Bugün, mazisi eşsiz kahramanlık, zafer, şan ve şerefle dolu aziz milletimizin, muazzez vatan toprağı uğruna verdiği zorlu Kurtuluş Savaşı mücadelesini başarıyla neticelendirerek Anadolu’yu ebedi yurdumuz olarak bir kez daha tescillediği ve Cumhuriyet’imizin kuruluşunu müjdelediği büyük zaferimizin 100’ncü yıl dönümünü kutlamanın onur ve gururunu yaşıyoruz.
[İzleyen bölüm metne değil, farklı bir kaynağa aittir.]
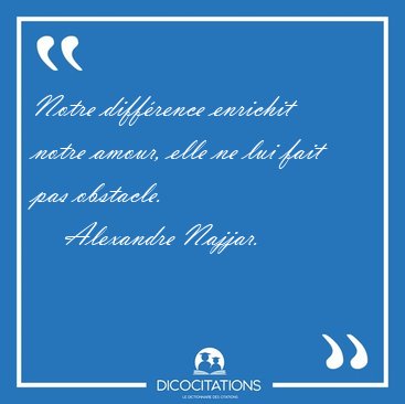 ![Notre différence enrichit notre amour, elle ne lui fait pas [...] - Alexandre Najjar... Notre différence enrichit notre amour, elle ne lui fait pas [...] - Alexandre Najjar...](/imagescitations/Notre_difference_enrichit_notre_amour_elle_ne_lui_fait_pas_-_Alexandre_Najjar-165949.jpg)

Kurtuluş Savaşı’nın ilk dönemlerinde, zor şartlar ve her türlü imkânsızlıklar içerisinde tutuşturulan bağımsızlık meş’alesi, Gazi Mustafa Kemal Atatürk ve silah arkadaşlarının öncülüğünde kahraman milletimizin azim ve karlılığı ile 30 Ağustos Başkomutanlık Meydan Muharebesi neticesinde zaferle taçlanmıştır.30 Ağustos 1922 tarihi aziz milletimizin hiçbir zillet ve esareti kabul etmeyeceği, bağımsızlığını ve hür yaşama iradesini sonu ne olursa olsun hiçbir surette terk etmeyeceğini tüm cihana güçlü bir şekilde haykırdığı günün adıdır.
Bundan 100 yıl önce olduğu gibi bugün de tüm milletimiz, kendisini, birliğini, bütünlüğünü, kalkınmasını, huzuru ve güvenliğini hedef alan bedbahtları, engin feraseti ve sarsılmaz cesaret ve kararlı duruşuyla, gerektiğinde canını ortaya koyarak bertaraf etmeye devam etmektedir.
Milletimizin, gelişmesini ve kalkınmasını, birlik beraberlik ve kardeşliğini hedef alan iç ve dış mihraklar, binlerce yıllık güçlü devlet geleneğimiz ve medeniyet tasavvurumuz, güçlü toplum ve ordumuz ve yine milletimizin karakterin de mündemiç olan milli, manevi değerler ve üstün hasletler karşısında hiç şüphesiz ki başarılı olamayacak ve asil milletimiz güçlü adımlarla büyük hedeflerine doğru emin adımlarla yürümeye devam edecektir.
Bu duygular içerisinde; başta Gazi Mustafa Kemal Atatürk ve silah arkadaşları olmak üzere vatanımız uğruna canını feda etmiş tüm şehitlerimizi rahmetle anıyor, gazilerimizi minnetle yâd ediyor, şehit aileleri ve yakınlarına sabır ve metanet dileklerimizle 30 Ağustos Zafer Bayramı’mızı kutluyorum.”